Allow this trauma surgeon to ruin a few of your favorite action scenes
Dr. Spiros Frangos is Director Of Trauma/Critical Care at Manhattan’s Bellevue Hospital Center and an NYU School Of Medicine Professor Of Surgery. He is obviously very good at what he does, and admirable in his dedication to saving others’ lives. But Dr. Frangos, we’re sorry to say, also seems like the kind of guy who’d be a real pain in the ass to watch movies with.

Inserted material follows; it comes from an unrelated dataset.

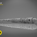 The download contains pieces of the wand ready to be 3D printed on a 200 mm print bed and files that are not cut into smaller pieces. All cut parts are placed on the print bed as we would print them to save you time.

In a video from Vulture, the good doctor is shown a series of film clips where characters are injured. He then shares his medical opinion of how badly these characters would be fucked up from the sort of knocks they’re usually shown walking away from.
After endearing himself by stating that he considered Beverly Hills Cop “a true classic,” he begins his grim work by explaining that Eddie Murphy being tossed through a pane of glass would probably not have escaped from being “cut across his face, his scalp, [or] his hands.” Though we can excuse this from a comedy, Dr. Frangos also wants us to know that a scene from Mission: Impossible – Ghost Protocol where Tom Cruise emerges from a car that just dropped several stories shaken but otherwise alright would more likely have resulted in “sustained major trauma throughout his body.”
He also touches on everything from The Fellowship Of The Rings’ tragic climax (“an arrow can impede the local muscles from appropriately moving”) and Training Day (“getting shot in the backside: not always a funny thing”) to Gangs Of New York’s bloody, gut-stabbing finale (“the one problem I have with this particular scene is the fact that, when he pulls the knife out, there’s a spray of blood that hits Leo in the face”).
Overall, we get a solid rundown of how horrific most of the stuff we watch for entertainment would actually be if it happened to a real human body. Somehow, though, despite the range of injuries covered in the video, Vulture failed to ask Dr. Frangos about the real-life effects of sawing off your own possessed hand after it’s brutally attacked you for several minutes, perhaps because the scene is believable enough as it is and requires no insight from a medical professional.